Could you align operands for ASM please, to make this a little easier to
read?

> +1:
> +	lb a4, 0(a1)
> +	lb a5, 1(a1)
> +	lb a6, 2(a1)
> +	lb a7, 3(a1)
> +	lb t0, 4(a1)
> +	lb t1, 5(a1)
> +	lb t2, 6(a1)
> +	lb t3, 7(a1)
> +	sb a4, 0(a0)
> +	sb a5, 1(a0)
> +	sb a6, 2(a0)
> +	sb a7, 3(a0)
> +	sb t0, 4(a0)
> +	sb t1, 5(a0)
> +	sb t2, 6(a0)
> +	sb t3, 7(a0)
> +	addi a0, a0, 8
> +	addi a1, a1, 8
> +	bltu a1, a3, 1b
> +
> +2:
> +	ret
> +END(__copy_bytes_unaligned)
> diff --git a/arch/riscv/kernel/copy-noalign.h b/arch/riscv/kernel/copy-noalign.h
> new file mode 100644
> index 000000000000..99fbb9c763e0
> --- /dev/null
> +++ b/arch/riscv/kernel/copy-noalign.h
> @@ -0,0 +1,13 @@
> +/* SPDX-License-Identifier: GPL-2.0 */
> +/*
> + * Copyright (C) 2023 Rivos, Inc.
> + */
> +#ifndef __RISCV_KERNEL_COPY_NOALIGN_H
> +#define __RISCV_KERNEL_COPY_NOALIGN_H
> +
> +#include <linux/types.h>
> +
> +void __copy_words_unaligned(void *dst, const void *src, size_t size);
> +void __copy_bytes_unaligned(void *dst, const void *src, size_t size);
> +
> +#endif /* __RISCV_KERNEL_COPY_NOALIGN_H */
> diff --git a/arch/riscv/kernel/cpufeature.c b/arch/riscv/kernel/cpufeature.c
> index bdcf460ea53d..3f7200dcc00c 100644
> --- a/arch/riscv/kernel/cpufeature.c
> +++ b/arch/riscv/kernel/cpufeature.c
> @@ -19,11 +19,21 @@
>  #include <asm/cacheflush.h>
>  #include <asm/cpufeature.h>
>  #include <asm/hwcap.h>
> +#include <asm/hwprobe.h>
>  #include <asm/patch.h>
>  #include <asm/processor.h>
>  #include <asm/vector.h>
>  
> +#include "copy-noalign.h"
> +
>  #define NUM_ALPHA_EXTS ('z' - 'a' + 1)
> +#define MISALIGNED_ACCESS_JIFFIES_LG2 1
> +#define MISALIGNED_BUFFER_SIZE 0x4000
> +#define MISALIGNED_COPY_SIZE ((MISALIGNED_BUFFER_SIZE / 2) - 0x80)
> +

I think this blank line is misplaced, it should go after NUM_ALPHA_EXTS
instead of (or as well as) here.

> +#define MISALIGNED_COPY_MBS(_count) \
> +	((HZ * (_count) * MISALIGNED_COPY_SIZE) >> \
> +	 (20 + MISALIGNED_ACCESS_JIFFIES_LG2))
>  
>  unsigned long elf_hwcap __read_mostly;
>  
> @@ -396,6 +406,74 @@ unsigned long riscv_get_elf_hwcap(void)
>  	return hwcap;
>  }
>  
> +void check_misaligned_access(int cpu)
> +{
> +	unsigned long j0, j1;
> +	struct page *page;
> +	void *dst;
> +	void *src;
> +	long word_copies = 0;
> +	long byte_copies = 0;
> +	long speed = RISCV_HWPROBE_MISALIGNED_SLOW;

Is this not a change from current behaviour, that may actually lead to
incorrect reporting.
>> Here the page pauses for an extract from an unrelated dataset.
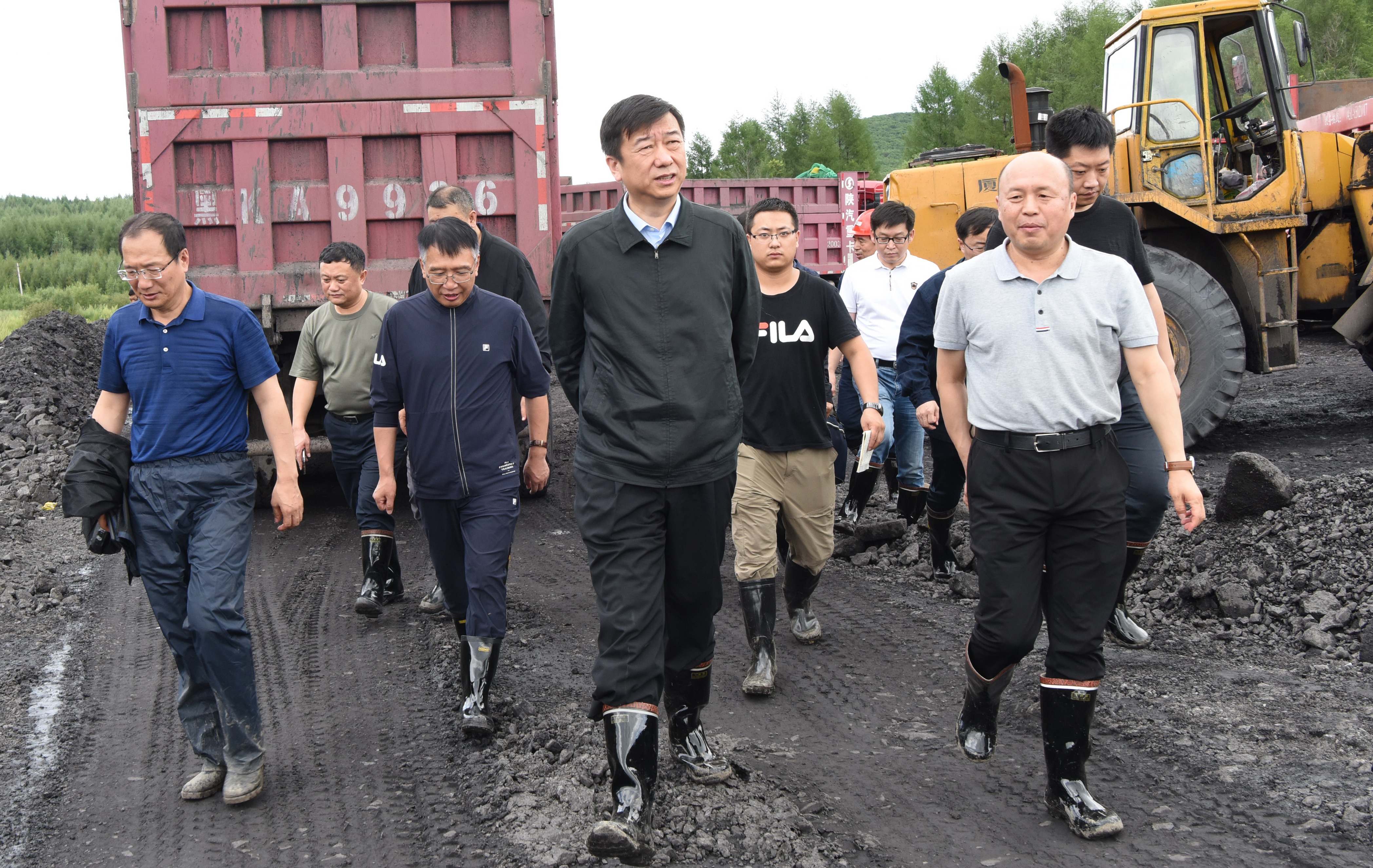 七台河矿业公司党委书记、董事长张长山,总经理刘金奇,集团公司相关部门有关人员参加防汛巡查。(张国伟)

Presently, only T-Head stuff sets a speed, so
hwprobe falls back to UNKNOWN for everything else. With this, we will
get slow set, for anything failing the test.
Slow is defined as "Misaligned accesses are supported in hardware, but
are slower than the cooresponding aligned accesses sequences (sic)", but
you have no way of knowing, based on the test you are performing, whether
the hardware supports it or if it is emulated by firmware.
Perhaps that is not relevant to userspace, but wanted to know your
thoughts.

> +
> +	page = alloc_pages(GFP_NOWAIT, get_order(MISALIGNED_BUFFER_SIZE));
> +	if (!page) {
> +		pr_warn("Can't alloc pages to measure memcpy performance");
> +		return;
> +	}
> +
> +	/* Make a misaligned destination buffer. */
> +	dst = (void *)((unsigned long)page_address(page) | 0x1);
> +	/* Misalign src as well, but differently (off by 1 + 2 = 3). */
> +	src = dst + (MISALIGNED_BUFFER_SIZE / 2);
> +	src += 2;
> +	/* Do a warmup. */
> +	__copy_words_unaligned(dst, src, MISALIGNED_COPY_SIZE);
> +	preempt_disable();
> +	j0 = jiffies;
> +	while ((j1 = jiffies) == j0)
> +		cpu_relax();
> +
> +	while (time_before(jiffies,
> +			   j1 + (1 << MISALIGNED_ACCESS_JIFFIES_LG2))) {

Does this not fit in 100 chars?

> +
> +		__copy_words_unaligned(dst, src, MISALIGNED_COPY_SIZE);
> +		word_copies += 1;
> +	}
> +
> +	__copy_bytes_unaligned(dst, src, MISALIGNED_COPY_SIZE);
> +	j0 = jiffies;
> +	while ((j1 = jiffies) == j0)
> +		cpu_relax();
> +
> +	while (time_before(jiffies,
> +			   j1 + (1 << MISALIGNED_ACCESS_JIFFIES_LG2))) {

Ditto here, no?

Cheers,
Conor.

Jessica Clarke June 26, 2023, 9:42 p.m. UTC | #3

On 23 Jun 2023, at 23:20, Evan Green <evan@rivosinc.com> wrote:
> 
> Rather than deferring misaligned access speed determinations to a vendor
> function, let's probe them and find out how fast they are. If we
> determine that a misaligned word access is faster than N byte accesses,
> mark the hardware's misaligned access as "fast".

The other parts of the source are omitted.